#### Problem to solve
Starting at the line that contains "套餐的重頭戲是這砂鍋魚頭,因", transcribe every remaining line of the data below exactly, and omit all pictures.

Information supplied START

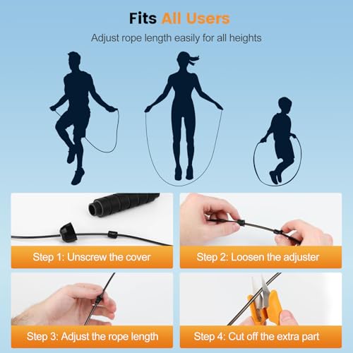 SKIFUL - حبل قفز سريع غير متشابك مزوّد بمحامل كروية للرجال والنساء والأطفال، حبل قفز صلب قابل للتعديل بمقابض فوم مريحة، معدّات واكسسوارات للتمارين واللياقة البدنية
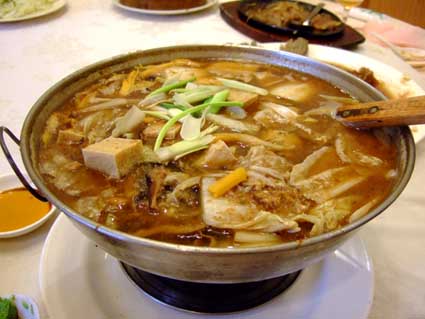 套餐的重頭戲是這砂鍋魚頭,因為先前的菜都已經是宴客級的大份量,這大沙鍋一放上桌,更是讓已經差不多飽的我們傻眼.不過以沙茶為底的湯頭和豐富湯料,還是讓我們嚐了一些.
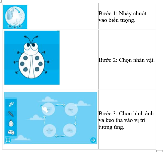 Hãy điền cụm từ gợi ý dưới đây vào chỗ chấm trong các bước để khám phá trò chơi tìm hiểu vòng đời của động vật:

Information supplied END

#### Solution to the problem
 套餐的重頭戲是這砂鍋魚頭,因為先前的菜都已經是宴客級的大份量,這大沙鍋一放上桌,更是讓已經差不多飽的我們傻眼.不過以沙茶為底的湯頭和豐富湯料,還是讓我們嚐了一些.
 Hãy điền cụm từ gợi ý dưới đây vào chỗ chấm trong các bước để khám phá trò chơi tìm hiểu vòng đời của động vật:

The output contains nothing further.